Athletes could use more help in navigating their nutrition and disordered eating, according to Manor and DeLisle. It can be difficult to struggle with something as overwhelming as disordered eating alone, and many people don’t have the knowledge or tools necessary to recover alone.

We tend to be reactionary, not proactive.

— Noah DeLisle, Athletic Trainer

“I did try really hard to stop, but it’s just like, I don’t know how to control it.
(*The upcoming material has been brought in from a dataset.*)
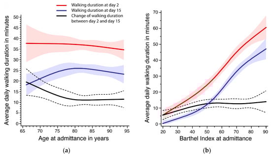 The evaluation of the nonlinear association of age and Barthel Index with walking duration is presented in Figure 1. Below the age of 80 years, age was negatively associated with walking duration improvement (Figure 1a). This was mainly due to lower activity levels at admission. In contrast, older patients had a similar improvement of about 10 min between day 2 and day 15. The average activity level at day 15 was similar for all age groups.

It’s really hard,” Leo admitted. 

Manor believed there are solutions, they just require more funding and attention than currently exists.

“I would love, for starters, for high school athletes to have access to a sports dietician who’s eating disorder informed,” Manor said.

DeLisle acknowledged that disordered eating is a complex problem to solve—there may not be one simple solution. One change he would like to see is more focus on preventative care to keep athletes from ever reaching the point of a diagnosed eating disorder.

“We tend to be reactionary, not proactive,” he explained.

If you are struggling with disordered eating, there are resources available for you. The student health center provides confidential and free therapy.

For coaches and trainers, nationaleatingdisorders.org has free training for how to support athletes who may be affected by eating disorders.